Игорь Зотов - Аут. Роман воспитания
Третий путь я отверг сразу: нет уж, я не буду настолько гордым! Заодно нарисовался и план действий, счастливо сочетавший в себе оба первых. Я останусь пока здесь и буду следить за ними, а как надоест, то либо переплыву сей Рубикон, либо вернусь.
А комары? А палатки нет? А спички?
Ничего, что-нибудь придумаем.
И я остался. Нашел место посуше, сделал некое подобие шалаша на пригорке, но так, чтобы меня не могли видеть с того берега. Я и костер сложил, небольшой, за пригорком, чтобы не увидать им. Огонь я решил добыть ночью: переплыть реку и стащить головешку из их костра.
Все приготовив, я наконец приступил к главной задаче текущего момента – к вуаиеризму. И сразу же удача! Солнце стояло еще довольно высоко и ярко освещало свежую зелень на их поляне. Люся доварила свое варево в котелке, залезла в палатку и долго там копошилась. Сердце мое отчаянно билось. Вот она вылезла из палатки совершенно в чем мать родила, только на плече полотенце. Подбежала к реке, спрыгнула на крохотный пляжик, сбросила полотенце, и я впервые увидел ее голой. Ослепительно голой, такой, какой я больше никогда ее не видел во всю мою с ней совместную жизнь.

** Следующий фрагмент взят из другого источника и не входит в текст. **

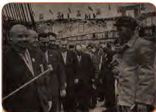
Урочисте закладення першого бетону на будівництві Трипільської ДРЕС. Перший ліворуч – П. Шелест. Київщина. 1964 р.

Широкий попит населення на товари повсякденного вжитку і побутові послуги, який держава виявилася неспроможною задовольнити, породив

Впрочем, это продолжалось лишь краткое мгновение. Даже солнце не успело наиграться на ее смуглой коже, на ее розовых сосках, на ее восхитительных округлых плечах и томительном изгибе ее бедер. Комары, которым было плевать на прелести, тут же атаковали Люсю, и она шумно нырнула в черные воды Бужи. Быстро, по-мужски, пересекла реку и приткнулась к моему берегу. Но из воды не вышла. Только лицо подставляла солнцу. В пяти шагах от меня.
Мне бы спуститься, заговорить, сказать: здравствуй, это я. Видишь – приехал. Но я продолжал сидеть в своем убежище, отмахиваясь от кровососов. Я видел теперь лишь ее профиль – остальное скрывал берег. Потом вдруг заметил и его, он, оказывается, был в лесу и вот вернулся, таща за собой ствол сухой елки. «Запасливый, – подумал я, – добытчик».
– Юсь, ты где? – негромко произнес он.
Он и называет ее по-своему. У них уже так все далеко зашло.
Она встала во весь рост и помахала ему рукой:
– Я здесь! Будешь купаться?
– Не, жрать хочу, какой купаться!
– Я сейчас, я уху сварила, будешь?
– Еще как!
И Люся поплыла обратно. Вышла этакой русалкой нездешней, взяла полотенце и побежала к дружку своему, как была, бесстыдно голая, вытираясь на ходу. Обняла его, поцеловала – жарко, жарко поцеловала!!! – и юркнула в палатку:
– Иди сюда.
– Иду.
Он сел на траву возле входа, снял сапоги, куртку, майку и полез следом. Я чуть не взвыл.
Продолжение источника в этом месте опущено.